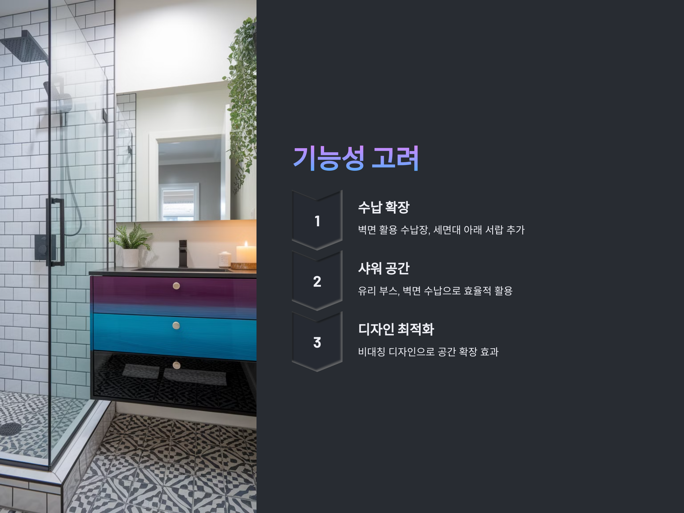 디자인뿐만 아니라 욕실의 기능성도 매우 중요합니다. 특히 빌라 욕실은 대부분 공간이 좁기 때문에, 효율적인 배치와 기능성 있는 가구를 선택하는 것이 필수적입니다.
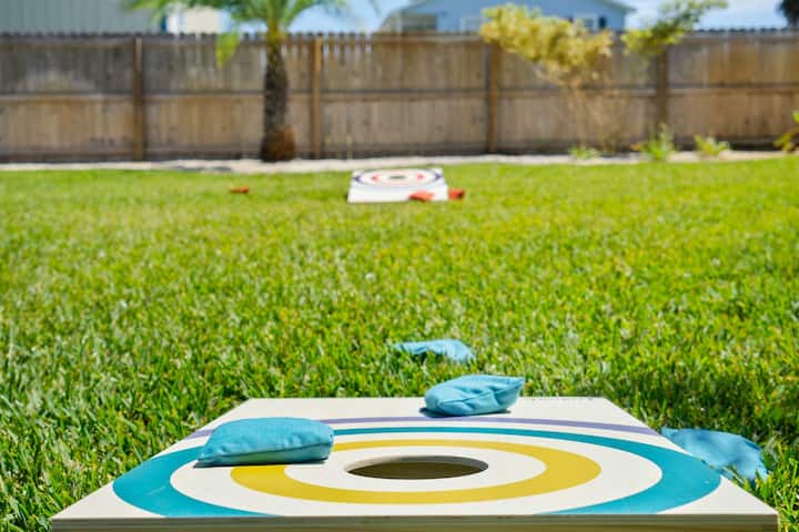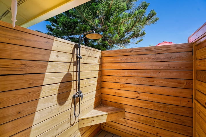 يستوعب هذا البيت الجذاب 6 أشخاص بشكل مريح، مما يجعله مثاليًا للعائلات أو المجموعات الصغيرة. في الداخل، ستجد ديكورًا مشرقًا ومرحًا وتلفزيونات ذكية وشبكة واي فاي سريعة للحفاظ على ترفيه الجميع. يأتي المطبخ مجهزًا بماكينة قهوة كوريج وكل ما تحتاجه لتحضير الوجبات، بينما تهيئ شواية البروبان في الخارج المسرح لطهي الطعام بسهولة. الغسيل سهل مع وجود غسالة ومجفف في الوحدة. في الهواء الطلق، يوفر الفناء الاستوائي مقاعد مريحة ومساحة للاسترخاء وألعاب كبيرة بما يكفي لجعل الجميع يبتسمون. سواء كنت تشوي حلوى الخطمي على النار، أو تسترخي مع مشروب في يدك، أو تستعد لقضاء يوم على الشاطئ، فإن هذا البيت مصنوع للتواصل والاسترخاء والمرح.
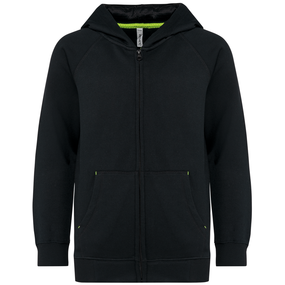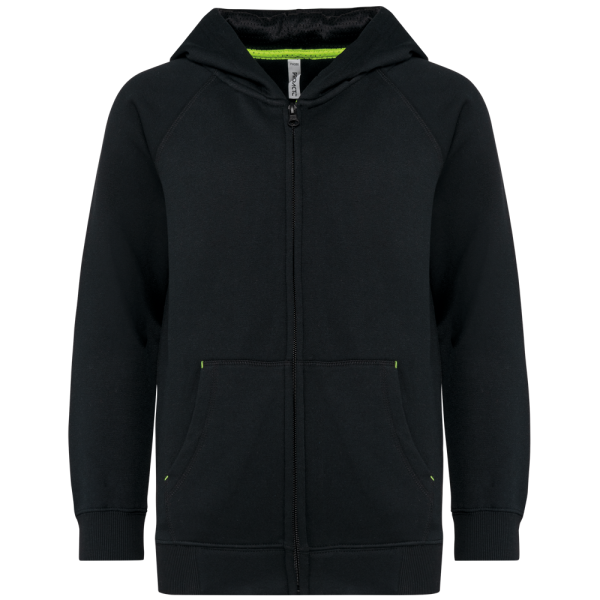 65% poliestere/ 35% cotone. Felpa garzata. Cotone pettinato. Filato Vortex. Taglio dritto. Maniche raglan. Chiusura a zip in nylon. Cappuccio foderato in rete tono su tono. Nastrino di rinforzo all'interno del cappuccio e cuciture di rinforzo sulle tasche in colori fluorescenti. Tasche a canguro con 1 tasca fluorescente per cellulare. Polsini e fondo capo a costine doppio spessore 2x2. Finitura a mezzaluna nella parte posteriore del collo che facilita la personalizzazione dall'interno. Etichetta con il nome del marchio staccabile.
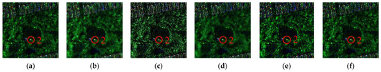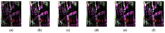 Figure 12a is the Pauli decomposition result of the SLC data. Figure 12b–f shows that the five filters all have certain speckle removal capabilities. We still intercept region 1 in Figure 12 for analysis filtering details. The results are shown in Figure 13.
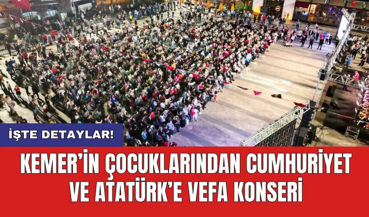 Antalya'nın gözde ilçesi Kemer'de, 120 kişilik Kemer Belediyesi Cumhuriyet Orkestrası, 70 kişilik Kemer Cumhuriyet Korosu ve 18 kişilik Kemer Belediyesi Çocuk Halk Oyunları ekibinin bir araya gelmesiyle oluşan toplamda 208 kişilik dev bir orkestra, 23 Nisan Ulusal Egemenlik ve Çocuk Bayramı'nı coşkuyla kutladı. Kemer sahnesinde gerçekleşen bu özel konserde, sanat dolu anlar yaşandı.
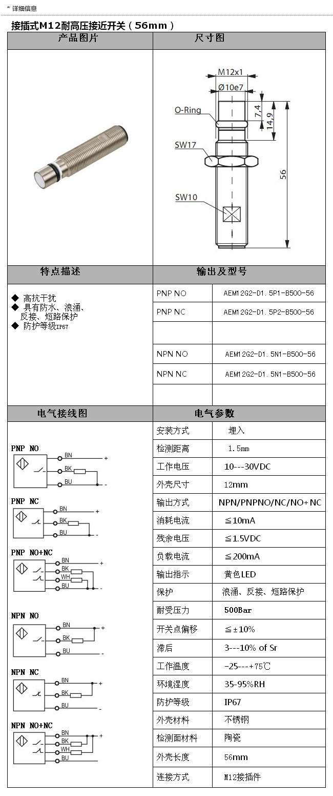 AEM12G2-D1.5P1-B500-56,AEM12G2-D1.5N1-B500-56,AEM12G2-D1.5N1-B500-56,M12接插式(56mm
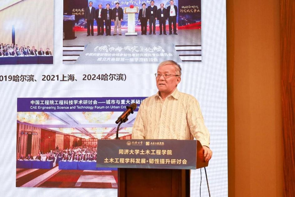 在“土木工程学科发展•韧性提升”研讨会上,我院吕西林教授从全球典型地震灾害带来的启示切入,指出了韧性城市建设的发展路径并重点讲述了可恢复功能防震减灾结构体系的新发展。
☆ ☆ ☆ ☆
WHAT YOU ARE ASKED TO DO
An unchanged copy of the data, images excluded, is all that should be given.

RESPONSE BOX
 디자인뿐만 아니라 욕실의 기능성도 매우 중요합니다. 특히 빌라 욕실은 대부분 공간이 좁기 때문에, 효율적인 배치와 기능성 있는 가구를 선택하는 것이 필수적입니다.
 يستوعب هذا البيت الجذاب 6 أشخاص بشكل مريح، مما يجعله مثاليًا للعائلات أو المجموعات الصغيرة. في الداخل، ستجد ديكورًا مشرقًا ومرحًا وتلفزيونات ذكية وشبكة واي فاي سريعة للحفاظ على ترفيه الجميع. يأتي المطبخ مجهزًا بماكينة قهوة كوريج وكل ما تحتاجه لتحضير الوجبات، بينما تهيئ شواية البروبان في الخارج المسرح لطهي الطعام بسهولة. الغسيل سهل مع وجود غسالة ومجفف في الوحدة. في الهواء الطلق، يوفر الفناء الاستوائي مقاعد مريحة ومساحة للاسترخاء وألعاب كبيرة بما يكفي لجعل الجميع يبتسمون. سواء كنت تشوي حلوى الخطمي على النار، أو تسترخي مع مشروب في يدك، أو تستعد لقضاء يوم على الشاطئ، فإن هذا البيت مصنوع للتواصل والاسترخاء والمرح.
 65% poliestere/ 35% cotone. Felpa garzata. Cotone pettinato. Filato Vortex. Taglio dritto. Maniche raglan. Chiusura a zip in nylon. Cappuccio foderato in rete tono su tono. Nastrino di rinforzo all'interno del cappuccio e cuciture di rinforzo sulle tasche in colori fluorescenti. Tasche a canguro con 1 tasca fluorescente per cellulare. Polsini e fondo capo a costine doppio spessore 2x2. Finitura a mezzaluna nella parte posteriore del collo che facilita la personalizzazione dall'interno. Etichetta con il nome del marchio staccabile.
 Figure 12a is the Pauli decomposition result of the SLC data. Figure 12b–f shows that the five filters all have certain speckle removal capabilities. We still intercept region 1 in Figure 12 for analysis filtering details. The results are shown in Figure 13.
 Antalya'nın gözde ilçesi Kemer'de, 120 kişilik Kemer Belediyesi Cumhuriyet Orkestrası, 70 kişilik Kemer Cumhuriyet Korosu ve 18 kişilik Kemer Belediyesi Çocuk Halk Oyunları ekibinin bir araya gelmesiyle oluşan toplamda 208 kişilik dev bir orkestra, 23 Nisan Ulusal Egemenlik ve Çocuk Bayramı'nı coşkuyla kutladı. Kemer sahnesinde gerçekleşen bu özel konserde, sanat dolu anlar yaşandı.
 AEM12G2-D1.5P1-B500-56,AEM12G2-D1.5N1-B500-56,AEM12G2-D1.5N1-B500-56,M12接插式(56mm
 在“土木工程学科发展•韧性提升”研讨会上,我院吕西林教授从全球典型地震灾害带来的启示切入,指出了韧性城市建设的发展路径并重点讲述了可恢复功能防震减灾结构体系的新发展。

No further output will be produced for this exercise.